O Partido Progressistas (PP) comunicou ao presidente Luiz Inácio Lula da Silva (PT) que a federação formada com o União Brasil permanecerá neutra na disputa pela Presidência da República nas eleições de 2026.
A informação foi transmitida pelo líder do PP na Câmara dos Deputados, Dr. Luizinho (RJ), durante reunião realizada na terça-feira (21), no Palácio da Alvorada.
Segundo o parlamentar, a conversa tratou especificamente da atuação da federação em âmbito nacional.
“Com o presidente, conversei sobre a federação em nível nacional. Na nacional, ficaremos neutros”, afirmou Dr. Luizinho.
O que significa a neutralidade da federação
Ao optar pela neutralidade, a federação entre PP e União Brasil sinaliza que não deverá declarar apoio institucional a nenhum candidato à Presidência da República.
Na prática, a decisão abre espaço para que lideranças estaduais construam alianças de acordo com os cenários locais, respeitando as particularidades políticas de cada estado. A posição também ocorre em meio às articulações para formação dos palanques eleitorais que disputarão o Palácio do Planalto em 2026.
Como foi o encontro entre Lula e Dr. Luizinho
A reunião aconteceu um dia após Dr. Luizinho participar de uma cerimônia ao lado de Lula para a sanção de um projeto de autoria do deputado.

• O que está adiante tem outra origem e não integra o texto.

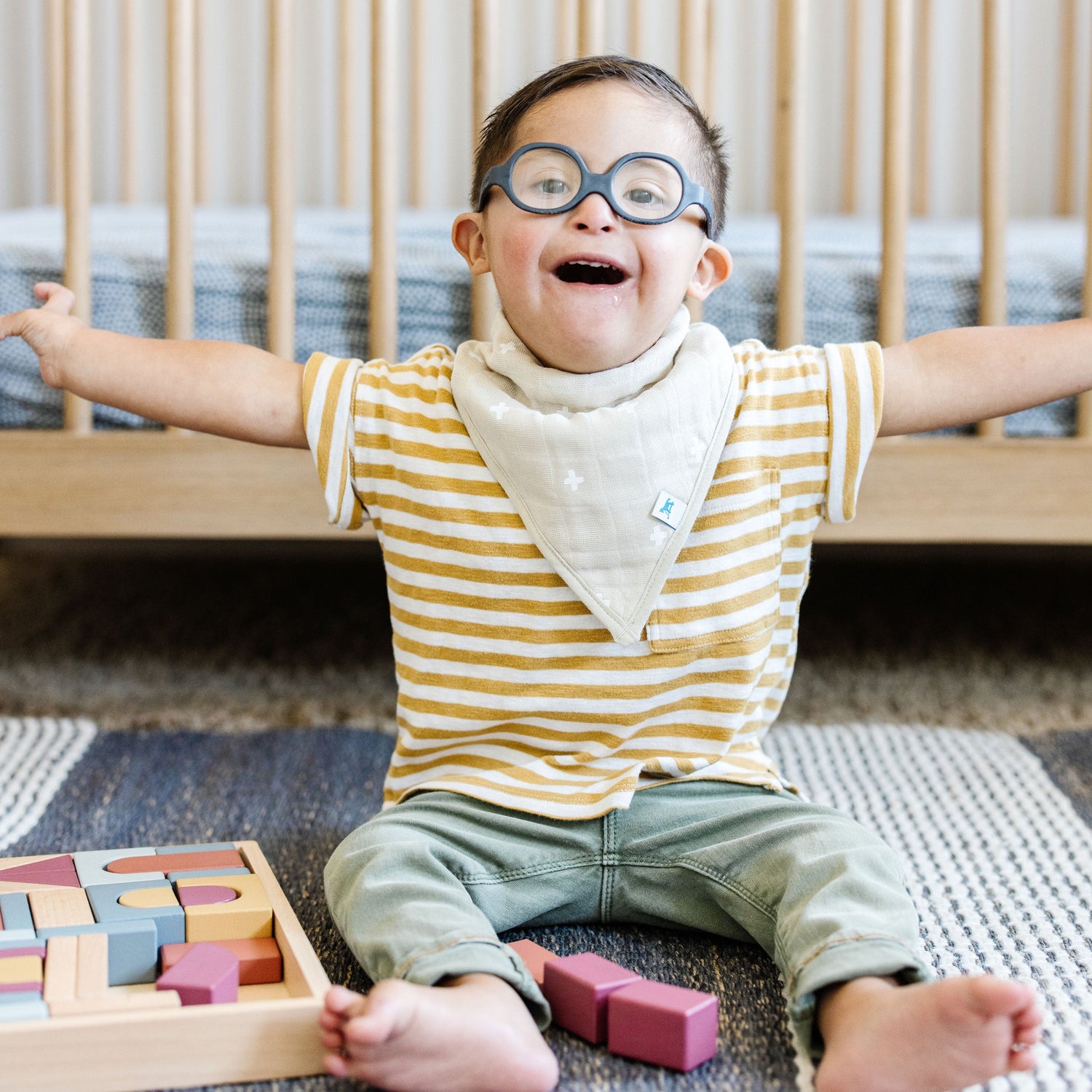 Cotton Muslin + Fleece Bandana Bib 4 Pack - Taupe Cross - HoneyBug
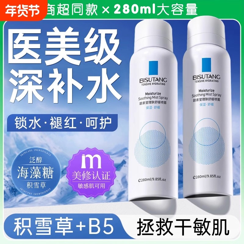 B5积雪草补水喷雾小分子保湿化妆前湿敷爽肤水男女士舒缓修复正品
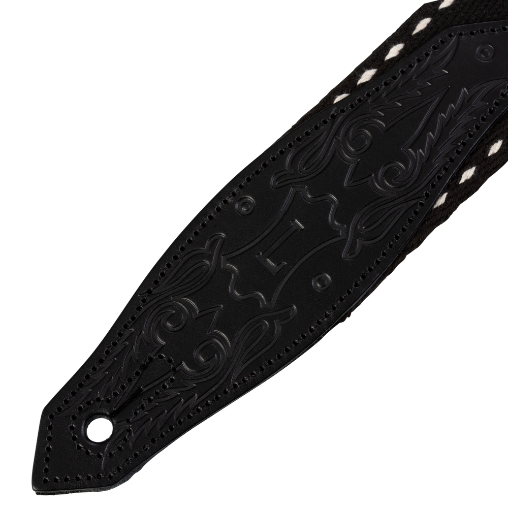 • 2" Black Woven Cotton Guitar Strap With Tooled Veg-Tan Leather Ends.
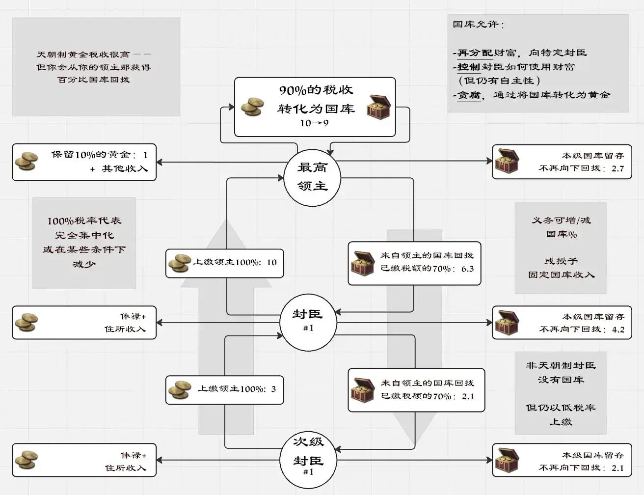 3.最後皇帝再按照每個封臣的所徵稅額和封臣契約義務等因素,將國庫的資金回撥給所有總督。總督再下發到其下級封臣。邊疆總督由於要維護龐大的軍隊,因此下發的資金反倒比上繳的稅額多。
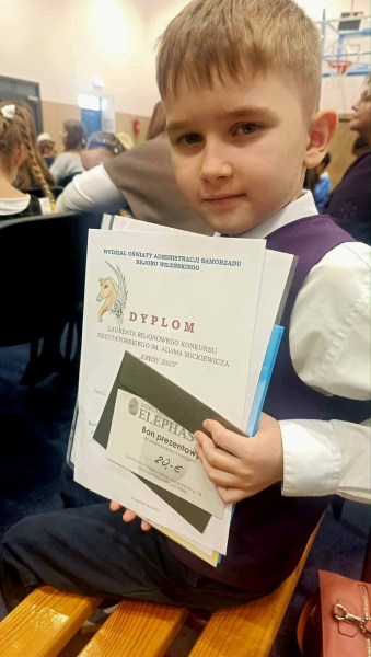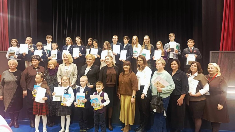 Damian Taraš­ke­vič (1 kl.) gavo Pagy­ri­mo raš­tą (mok. Ire­na Kor­vel)

Durante a visita ao Palácio da Alvorada, o líder do PP também encontrou o ex-prefeito do Rio de Janeiro, Eduardo Paes (PSD), que esteve com o presidente para tratar da composição do palanque petista no estado.
Paes é pré-candidato ao governo do Rio de Janeiro e deverá contar com os deputados Pedro Paulo (PSD) e Benedita da Silva (PT) como candidatos ao Senado.

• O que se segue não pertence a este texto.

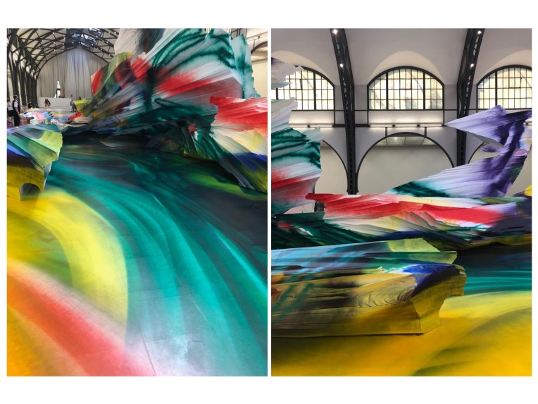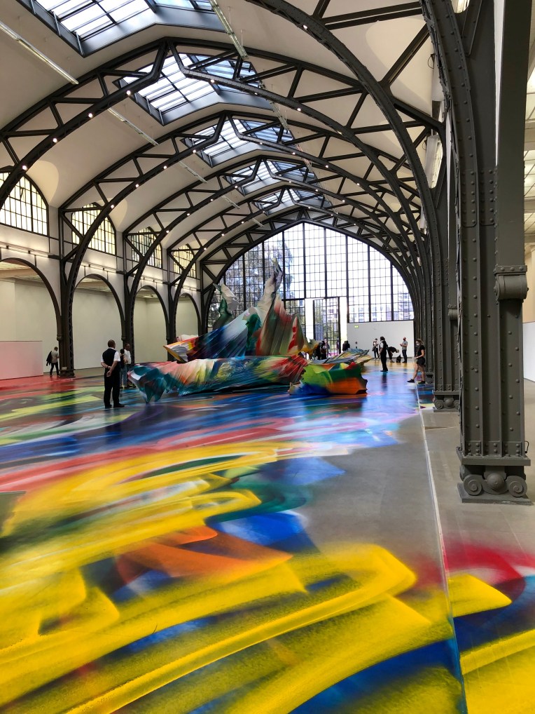 Oh, how I’ve missed museums! I wanted to see Katharina Grosse‘s “It Wasn’t Us” exhibition so badly! First, I love her immersive work. Second, coming back to Hamburger Bahnhof, one of Berlin’s best museums of modern and contemporary art, was a good idea, as I’ve been there once as a child and I forgot how great this place is. Now, back to Grosse. A painting by her can appear anywhere. Her large-scale works are multi-dimensional pictorial worlds in which splendid color sweeps across walls, ceilings, objects, and even entire buildings and landscapes. For “It Wasn’t Us” the artist has transformed the Historic Hall of Hamburger Bahnhof as well as the outdoor space behind the building, into an expansive painting which radically destabilises the existing order of the museum architecture. Katharina Grosse’s latest in-situ painting disregards the boundaries of the museum space in a grand and colourful gesture: “I painted my way out of the building,” said Grosse in relation to her work. Over the course of several weeks a vast new painting has emerged that stretches across the Historic Hall and into public space, over the extensive grounds behind the museum, landing finally on the façade of the so-called Rieckhallen which were inaugurated as a part of the museum complex in 2004. Grosse’s kaleidoscopic painting brings together colours and forms, natural and man-made surroundings and its visitors as participants in an all-encompassing, pulsating interaction of hues. The boundaries between objects, and between horizontal and vertical orientations begin to melt away, and the work’s scale continuously shifts depending on the visitor’s position. As the viewer moves through the painting new spaces emerge that are both artificial and ripe with associations, and at the same time completely real, forcing us to renegotiate our habitual ways of seeing, of thinking about, and of perceiving the world around us. The choice of the location and the many different factors and conditions it entails have influenced the development of the painting, just as the permanently shifting lines of sight of the viewer and unexpected interactions with the work affect our ways of perceiving it in the exhibition setting. In this sense, the work’s title, It Wasn’t Us, can be understood as a reference to the inherent complexity and unpredictability of a given situation, whether it be the conditions under which artists create their work, or the conditions under which it is later viewed. The painting exists only for the duration of the exhibition – which is open util the 10th of January 2021.
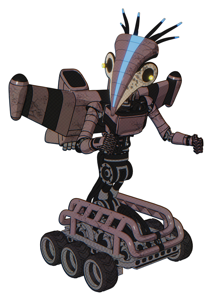 Mech containing bird skull head and yellow led protruding eyes and head shield design and light chest exoshielding and ultralight chest exosuit and stellar jet wing rocket pack and six-wheeler base.
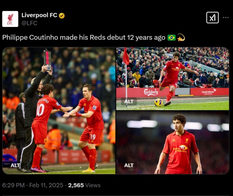 2月11日訊 12年前的今天,庫蒂尼奧迎來了自己紅軍生涯首秀,利物浦更新動(dòng)態(tài)表示紀(jì)念。
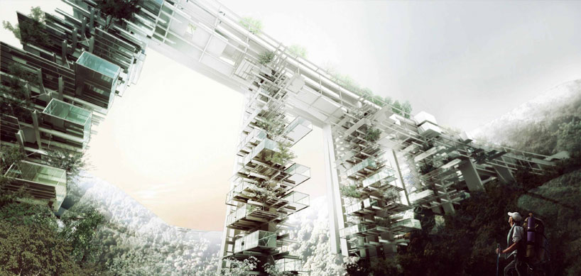 stacked and offset volumes extend along the pillars and roadway to create a harmonious combination of both the original and reincarnated typologies. accommodating both functions, the upper part of one of viaducts will house a pedestrian promenade, while the other lanes will remain dedicated to vehicular traffic. a series of public and private environments with trickle down and rotate around the structural form, that aim to integrate with the lush and natural surroundings.
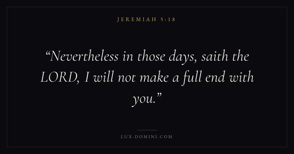 Books / Jeremiah / Chapter 5 / Verse 18 ← Jeremiah 5:17 Jeremiah 5:18 Jeremiah 5:19 → Nevertheless in those days, saith the LORD, I will not make a full end with you. Download verse card Share on Twitter Share on Facebook Pin it ✦ Key themes HopeSuffering and trialsJustice and mercyTruthJudgment Read with Jeremiah 5:15Jeremiah 5:16Romans 8:24Revelation 21:4 Related topics Bible verses about hopeBible verses about suffering and trialsBible verses about justice and mercyBible verses about truth ✦ Jeremiah Chapter 5 verses V. 1 V. 2 V. 3 V. 4 V. 5 V. 6 V. 7 V. 8 V. 9 V. 10 V. 11 V. 12 V. 13 V. 14 V. 15 V. 16 V. 17 V. 18 V. 19 V. 20 V. 21 V. 22 V. 23 V. 24 V. 25 V. 26 V. 27 V. 28 V. 29 V. 30 V. 31
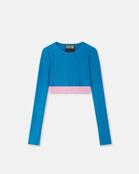 DETAILS This longsleeved lycra crop top has a satin finish and an elastic waistband with a debossed Institutional Logo motif - Institutional Logo debossing - Long sleeves - Crewneck - Elastic waistband - Outer composition: 80% Nylon, 20% Elastane Item: E79HAH218-EN0008_E296

Como fica o cenário político no Rio de Janeiro
Apesar da neutralidade na disputa presidencial, Dr. Luizinho afirmou que a federação PP-União Brasil apoiará Douglas Ruas (PL) na corrida pelo Governo do Rio de Janeiro. O parlamentar destacou, entretanto, que o PP desistiu de indicar o candidato a vice-governador na chapa apoiada pelo grupo político de Flávio Bolsonaro (PL).

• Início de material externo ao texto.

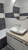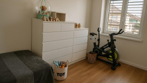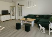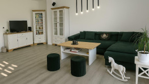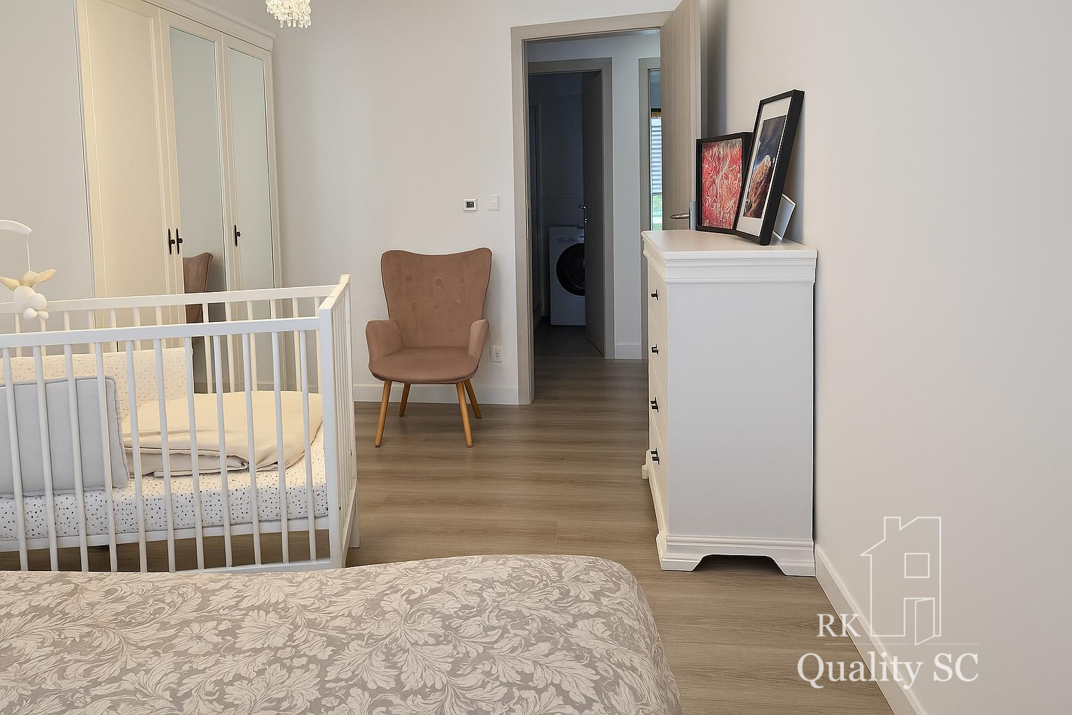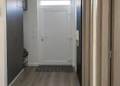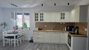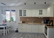 Dispozícia bytu: predsieň, po ľavej strane sú dve izby, samostatné WC, po pravej strane sa nachádza priestranná kúpeľňa s vaňou, technická miestnosť, prechod do jedálenskej časti s kuchyňou a priestrannou obývačkou, z ktorej sa vychádza na zastrešenú terasu (cca 21 m2). Dom je postavený z tehly, kompletne zateplený. Kúrenie elektrické podlahové. Predpríprava na klímu. K bytu prislúchajú dve parkovacie státia (vrámci pozemku) a jedno parkovacie státie vonku pred bránou.
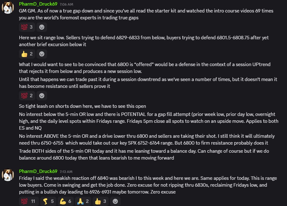 Note the 5-minute candle at open left no lack of clarity. From this morning’s update (included in Discord and Substack chat each morning).

A decisão da federação PP-União Brasil de permanecer neutra na eleição presidencial reforça o cenário de intensas negociações entre partidos do chamado Centrão. Enquanto as articulações nacionais seguem em andamento, as legendas continuam construindo alianças regionais para as disputas aos governos estaduais e ao Congresso Nacional, o que pode resultar em composições diferentes entre os estados e a corrida ao Palácio do Planalto.